Careful Foxgoose, there are psychologists present. They’ve already got us down as old conservative white males, jealous because Mann can make his go higher than we can..

May 30, 2012 at 5:53 PM | Unregistered Commentergeoffchambers

Activist scientist Steve Easterbrook now has a post up about this study .
His version is a bit less accurate then that provided by the Daily Mail
(He claims no difference, when in fact there is a small but significant negative correlation between science knowledge and CC concern).
His post is a nice example of the desperate contortions activists will go through in order to avoid facing up to the facts.

May 30, 2012 at 6:02 PM | Registered CommenterPaul Matthews

The terms "hierarchical-individualist" and "egalitarian-communitarian" seem to be closely linked to Kahan and the other authors. They have found similar disjunctions before and have consistently attributed them to the oxymoronic clusters labled as above. They seem consistently in their analyses to ignore the fact that their "e-c" grouping, being consistently less numerate, do not reliably or consistently differentiate between "hazard" and "risk" while a better educated (in mathematics and natural sciences) individual will realize that while there might exist a hazard that the "team" could be right, the "risk" of that is very small, approaching zero.

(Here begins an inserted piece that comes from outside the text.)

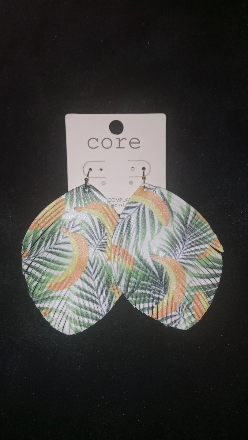 These Core earrings feature a fun tropical print with leaves and bananas. They're made from a lightweight faux leather material and have a fringed edge. Perfect for adding a playful touch to any outfit!

This creates associations between folks who are rationally unwilling to stampede off a cliff screaming "the sky is falling" because someone else said so (individualists will pause and look up), and those who are unwilling to pay for soothing someone else's insecurities (lots of folks who find political correctness to be dictatorial, intrusive and totalitarian). The best explanation that I can envision for the authors' use of "hierarchical" is that they have at some level actually bought into the "big money-big oil-big industry" conspiracy theories.

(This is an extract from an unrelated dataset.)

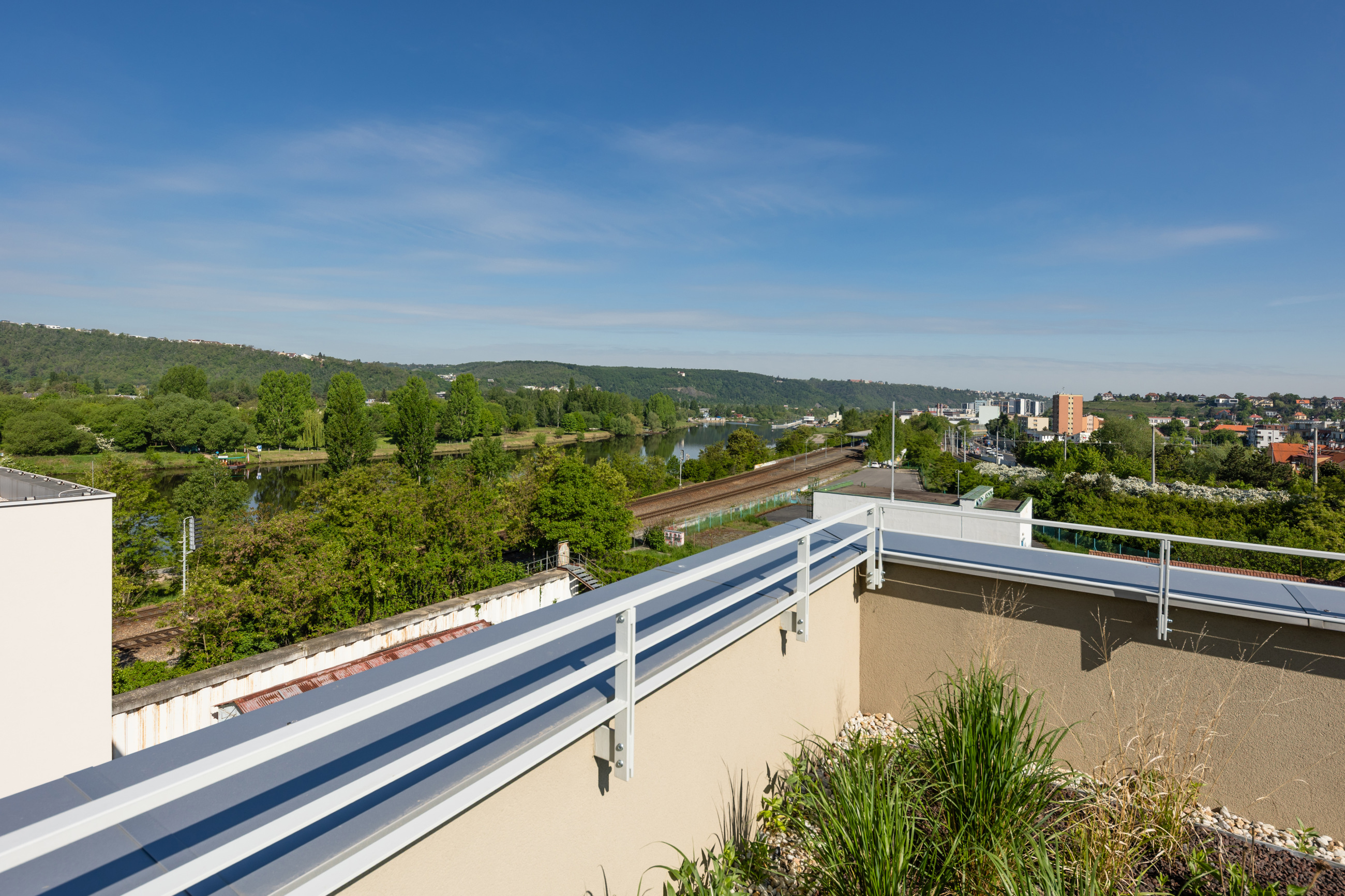 This lucrative 5+kk apartment with an area of 143.2 m² with a generous living room and kitchenette is located on the 4th floor. There is direct access to the terrace (36.5 m²) with a roof garden (59.9 m²), a place for a hot tub and beautiful views of the river and the surrounding greenery. The apartment offers three bedrooms, a study, two bathrooms and practical storage spaces. The advantage is the immediate possibility of moving in - the apartment is completed and approved.

May 31, 2012 at 12:40 AM | Unregistered CommenterDuster

Duster
The two dimensional “communitarian v individualist”, “hierarchical v egalitarian” mapping of humans has been around for a while. His Grace even used it in a post here once, trying to sort us sceptics out (I was an eccentric outlier).
We egalitarian-communitarians are less numerate because we contain more uneducated chavs in our midst, though, as well-bred Guardian readers, we’d never do anything so politically incorrect as to mention it.
The more numerate hierarchical individualists (or Tories, as we call them in UK) tend to notice the flaws in CAGW, not because of their superior scientific insight, but because they pay more taxes, and are the first to notice when energy bills go up.

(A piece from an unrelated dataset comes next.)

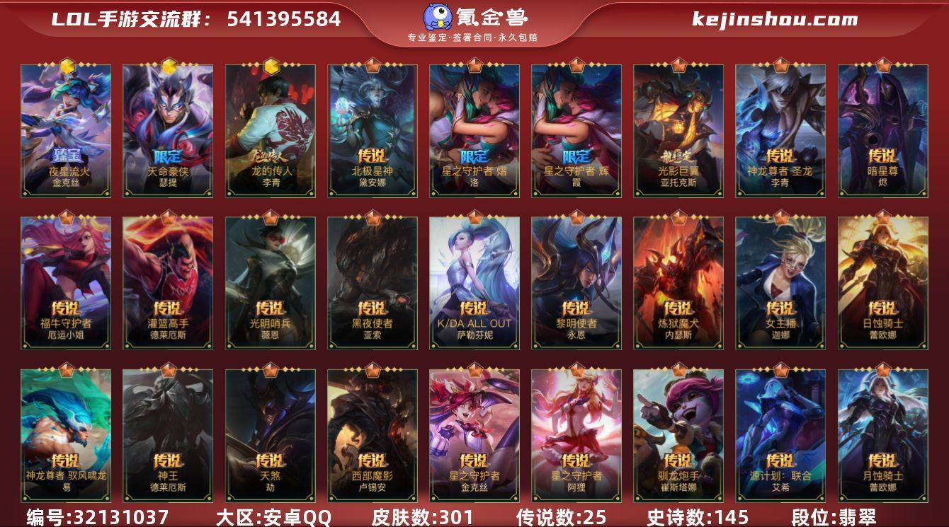 实名:可二次实名 段位:翡翠 英雄数:133 皮肤数:301 神话皮肤数量:3 传说皮肤数量:25 终极数:0 典藏皮肤数量:0 夜星流火 金克丝,天命豪侠 瑟提,龙的传人 北极星神 黛安娜,星之守护者 熠,星之守护者 辉,光影巨翼亚托克斯,神龙尊者 圣龙 李青,暗星尊,福牛守护者女枪,灌篮高手,光明哨兵薇恩,黑夜使者亚索,K/DA ALLOUT萨勒芬妮,黎明使者永恩,炼狱魔犬,女主播风女,日蚀骑士蕾欧娜,神龙尊者 驭风啸龙,神王诺手,天煞劫,西部魔影卢锡安,星之守护者金克丝,星之守护者阿狸,驯龙炮手,源计划:联合,月蚀骑士蕾欧娜,星之守护者卡莎,灵魂莲华腕豪 欧米伽小队 天雷爆破手 维迦,死亡誓约劫,礼物选好了吗? 布隆,我,羽饰骑士 崔丝塔娜,双城之战:天资 金克丝,猎梦吞噬体 卡兹克,东恒之曜奥瑞利安索尔,劲道美味 阿木木,小蜜蜂努努和威朗普,玉剑传说 无影,奈落之炎 慎,电玩魔爵 佛耶戈,电玩女神 凯特琳,柚子软糖,战斗学院 杰斯,弹幕天使,福牛守护者诺手,暗星皇子,暗星螳螂,奥术大师吉格斯,霸天龙神龙王,霸天异形螳螂,白色死神韦鲁斯,冰川巨兽石头人,苍穹之光火男,持胡萝卜的雪人,大魔王,盗梦者,地下拳王,地狱行者猴子,电玩勇者(伊泽瑞尔),恶魔之刃,福牛守护者牛头,福牛守护者安妮,钢铁军团,古神狼人,海之歌泽丽,光明哨兵锐雯,禁卫机甲,惊悚派对,绝命机甲男枪,K/DA ALL OUT阿狸,K/DA ALL OUT阿卡丽,K/DA ALL OUT寡妇,K/DA ALL OUT卡莎,黎明使者卡尔玛,猎龙勇士潘森,燎原烈焰蔚,猎龙勇士奥拉夫,猎龙勇士赵信,灵魂莲华提莫,灵魂莲华莉莉娅,灵魂烈焰,灵魂收割者,灵能特工莎弥拉,灵能特工劫,魅惑女巫女枪,魅惑女巫薇古丝,猛虎布隆,魅惑女巫莫甘娜,梦境灵探赛娜,秘旅探索者龙女,秘旅探索者加里奥,灭迹行者烬,暮星之羽,娜就去看看,奈落之炎,欧米伽小队 鬼影蛙人,欧米伽小队 魔鬼伞兵,破败军团龙女,清剿小队金克丝,清剿小队潘森,绒毛,丧尸努努,殇之机器人,摄魂猎手凯隐,神龙尊者 苍龙,神龙尊者 魔龙,神龙尊者 玉境灵龙,神奇先驱杰斯,圣诞老人,铁血女忍,未来战士潘森,未来战士卢锡安,未来战士慎,我,怒角,武神,无限烈焰,西部魔影诺手,西部魔影锤石,西部魔影 执行人,西部牛仔,腥红之月剑魔,腥红之月烬,星域先知(可升级),星域学者,星之守护者萨勒芬妮,星之守护者风女,星之守护者璐璐,星之守护者EZ,虚空海灵,驯龙女巫,银河魔装机神小鱼人,银河魔装机神龙女,泳池派对璐璐,泳池派对女警,泳池派对鳄鱼,泳池派对男枪,泳池派对盲僧,泳池派对剑姬,玉剑传说 寒潭夭夭,玉剑传说 无极,玉剑传说 武剑仙,玉剑传说 无双,源代码青钢影,源计划:裁决,源计划:火,源计划:燃,源计划:雷,源计划:阴,战场之王亚索,战斗学院拉克丝,战斗学院蕾欧娜,战斗学院阿克尚,真实伤害赛娜,光明哨兵奥拉夫,幻梦甜心阿狸,太空律动璐璐,小蜜蜂提莫,盗梦暗影,未来战士剑姬,霸天剑魔亚托克斯,烘焙童谣猫咪,星之守护者琴女,伯爵卡萨丁,探梦奇旅艾克,灵魂莲华小炮,心之钢伊泽瑞尔,屠龙勇士凯尔,暗星墨菲特 冠翎征服者 尼菈,冠翎巨神像 加里奥,冠翎御风使 迦娜,冠翎飞行员 库奇,龙冕异士戏命师,双城之战:破枷 蔚,龙冕神策吉格斯,冰川勇者,光耀之灵,黑暗骑士寒冰,蕉泥座人,猎龙勇士布隆,熊猫,迅剑,黯黑魔龙龙女,暗黑女武神皎月,暗黑武士狮子狗,暗影,暴风女神,冰霜之刃,冰霜烈焰,冰霜亚龙,苍穹之光薇恩,超级英雄,超武乾坤:电弧,冲击之刃劫,冲浪高手,穿

May 31, 2012 at 8:54 AM | Registered Commentergeoffchambers

I am appalled. You mean that people with brains in their heads do not believe everything that they are told by Brain Williams? How can we as a civilization survive?

May 31, 2012 at 7:51 PM | Unregistered CommenterIggy Slanter

Wow. In reading the article inn ScienceFair, I am astounded at the limited choices they allow themselves for explaining this. They don't allow for any other possible explanations than science literacy or culture splits. They take as givens that global warming is real, and that human's carbon emissions cause it. They take as given that the climate scientists have presented a convincing argument. They take as given that anyone who doesn't agree is not INDEPENDENTLY allowed to assess the evidence on his/her own or that such assessment might be correct. IOW they simply assume that whoever doesn't accept it must be doing it for non-scientific, illogical, or social reasons.

Wow. Wow. Wow. As time goes on I am more and more disappointed in what is allowed past the scientific reviewers and editors. THIS passed muster? Wow wow wow.